RNA is one of the three major macromolecules essential for living organisms and consists of three major types: messenger RNA (mRNA), transfer RNA (tRNA), and ribosomal RNA (rRNA). Whereas mRNAs code for proteins [1], tRNAs and rRNAs are non-coding RNAs that play essential roles in protein translation ([2, 3]). In the past 15 years, several additional types of non-coding RNAs have been shown to play important roles in regulation of gene expression [4], including microRNAs (miRNA, 21-22 nt) [5], small interfering RNAs (siRNA, 20-25 nt) [6], and Piwi-interacting RNAs (piRNA, 29-30 nt) [7]. While these regulatory non-coding RNAs are usually very small (< 50 nt), there are also the long non-coding RNAs (lncRNA), which are longer than 200 nucleotides [8], and most recently identified, the stable intronic sequence RNAs (sisRNAs), the majority of which are several hundreds of nucleotides [9, 10].

In higher eukaryotes, the majority of protein-coding genes have one or more non-coding introns interspersed within the coding sequence that are spliced from the primary transcript [11]. The spliced introns are primarily in the form of a lariat in which the 5’ end is linked to the 3’acceptor splice site. These lariats are debranched into a linear form and then degraded rapidly in most cases [12, 13]. The majority of intron fragments are believed to be unstable, with a few exceptions [14-17]. Recently, a number of sisRNAs were identified in the oocyte nucleus (germinal vesicle or GV) of Xenopus tropicalis [9] and later in the oocyte cytoplasm [10]. Although less stable than cytoplasmic mRNA, the sisRNAs are very stable. Transcription inhibition studies revealed that they are stable for at least 2 days and RNA sequencing analysis demonstrated that they are transferred to the egg upon GV breakdown and persist until at least the blastula stage [9]. These sisRNAs are usually only a portion of the full intron and while nuclear sisRNAs are present as either linear or lariat molecules, most cytoplasmic sisRNAs are in lariat form [9, 10]. Thus far, sisRNAs have also been found in human, mouse, chicken, zebrafish the Epstein-Barr virus and Drosophila melanogaster [9, 18-22]. Little is known about the sequence properties and biological function of these abundant sisRNAs although recently, sisR-1 and sisR-4, have been shown to participate in a feedback loop to modulate their parental gene expression in Drosophila [20, 22-24].

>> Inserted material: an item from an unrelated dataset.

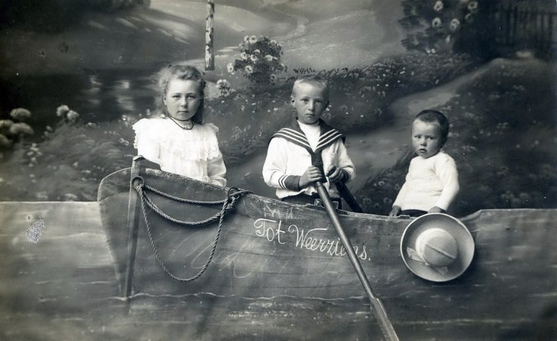 In het begin van de jaren ’80 ben ik begonnen met mijn onderzoek naar de familiegeschiedenis van de Zoodsma’s en de Bouma’s. Later kwam daar het onderzoeken van de dorpsgeschiedenis van Minnertsga nog bij. In die tijd heb ik een keer een bezoek gebracht Gerrit Bierma (1911-1983) en zijn vrouw die toen in Heerenveen woonden. Gerrit zijn moeder was Jantje Zoodsma en die Jantje was een zuster Sipke Zoodsma, de ‘pake’ van mijn vrouw. Toen ik daar was kwamen de oude foto’s op tafel. Mijn bezoek heeft Gerrit Bierma toen kennelijk inspiratie gegeven om een verhaal in het Fries te schrijven over een van de foto’s die hij mij toen liet zien. Hij heeft zijn verhaal laten publiceren in de Leeuwarder Courant dat hieronder is overgenomen. Omdat niet iedereen de Friese taal kan lezen ben ik zo vrij geweest om het over te zetten in het Nederlands. De nieuwe hoed mocht ook op portret Het was in de zomer van 1914, vakantietijd, voor zover men in die dagen over vrije dagen kon beschikken. Onze muoike Aukje, een niet getrouwde zuster van onze vader, was bij ons te logeren en dan was het altijd groot feest. Zij was ergens in Holland dienstmeid bij, wat men toen zo noemde, grutte lju en kwam een paar keer per jaar terug naar de familie in Minnertsga. Mijn beppe [Red. Dirkje Pieters Bakker (1839-1917)] leefde toen nog. Zo gingen wij zeker een keer per jaar met muioke naar de stad dat dat was op zichzelf al een grote belevenis. Wij reisden dan met de tram en moesten helemaal naar de Mooie Paal toe lopen, maar dat hadden wij er graag voor over. Maar deze keer zouden mijn vader en moeder ook mee en dat was een bijzonder gebeuren., want wij gingen met paard en wagen. Mijn vader mocht het glêzen weintsje en het rijpaard van oom Sipke gebruiken. Oom Sipke had een voermanderij en met wel acht paarden. Dit mooie glazen koetsje noemden wij it trouwweintsje omdat het veel bij trouwerijen werd gebruikt. ’S ochtendsvroeg stonden wij al klaar en konden we haast niet wachten. Toen het dan zover was, kwamen de vrouwen achterin te zitten en de jongens mochten bij vader voorin. Het was goed weer en als het begon te regenen, dan konden wij de voeten onder het leren dekkleed steken. De zweep stond trots in de houder en wij voelden ons verbaasd. Onze vader vertelde allemaal bijzondere dingen van wat wij voorbijkwamen. Toen wij van Berlikum naar Beetgum reden, vertelde hij dat de Beetgumer toren langzaam maar zeker weg zou zakken achter een boerderij met een rieten dak. En dat gebeurde ook! Wij vonden dat vreemd en zeer bijzonder. In Beetgumermolen even aansteken, want het paard moest ook even zijn ontspanning hebben in de Trochreed daar. Na twintig minuten konden we weer verder en een goed uur later waren wij in Leeuwarden. Het paard kwam op stal bij Jongma bij de Vrouwenpoortsbrug. Het glazenkoetsje bleef buiten staan. Toen wij in de jachtweide […]

To further characterize sisRNAs, we identified all sisRNAs in the X. tropicalis genome using the published high-throughput sequencing data of RNA from the GV [9]. We then determined the average length of sisRNAs, their distribution in genes, sequence composition, transcription factor binding site (TFBS) enrichment, gene ontology and evolutionary conservation. Here we show that sisRNAs are most widely expressed from genes with multiple introns, enriched in GC and TpG. They are enriched in introns at both ends of transcripts but preferentially at the 3’ end. They also contain specific transcription factor binding sites (TFBS), which supports recent findings that sisRNAs play a role in the regulation of gene expression.

Genome-wide identification of sisRNAs in Xenopus tropicalis

To study the sequence characteristics of sisRNAs, the high-throughput sequencing data of RNA (RNA-seq) from the GV of the frog Xenopus tropicalis [9] was used to detect sisRNA peaks with the model based analysis for ChIP-seq (MACS) algorithm [25]. We identified a total of 63,410 RNA peaks by a more stringent criterion (FDR=0.01) (Figure 1A, Table 1) and compared the location of each RNA peak to exons and introns to identify the true sisRNA peaks (i.e. those from spliced introns that did not cross intron–exon boundaries.) Two widely used and primarily manually annotated gene sets, RefSeq (9,448 protein-coding genes) and Ensembl (28,967 protein-coding genes), were used as references to identify the sisRNA peaks. 24,901 sisRNAs were identified by refSeq genes (termed as refSeq sisRNAs), with a total length of ~9 Mbps, which accounts for 0.6% of the X. tropicalis genome (Figure 1A, Table 1). Similarly, 34,169 sisRNAs were identified by Ensembl genes (termed as Ensembl sisRNAs), with a total length of ~12 Mbps, which accounts for 0.8% of the genome (Figure 1A, Table 1). Together, a total of 20,020 peaks were identified by both gene sets (Figure 1A), which represents ~80% of refSeq sisRNAs and ~60% of Ensembl sisRNAs respectively. The sisRNA length ranges from 160 bps to 2,908 bps with the majority 200-500 bps long and an average of 363.6 bps and 356.6 bps for refSeq and Ensembl sisRNAs, respectively (Figure 1B-D, Table 1). Taken together, two high quality datasets of genome-wide sisRNAs were generated for further investigation of sisRNA properties.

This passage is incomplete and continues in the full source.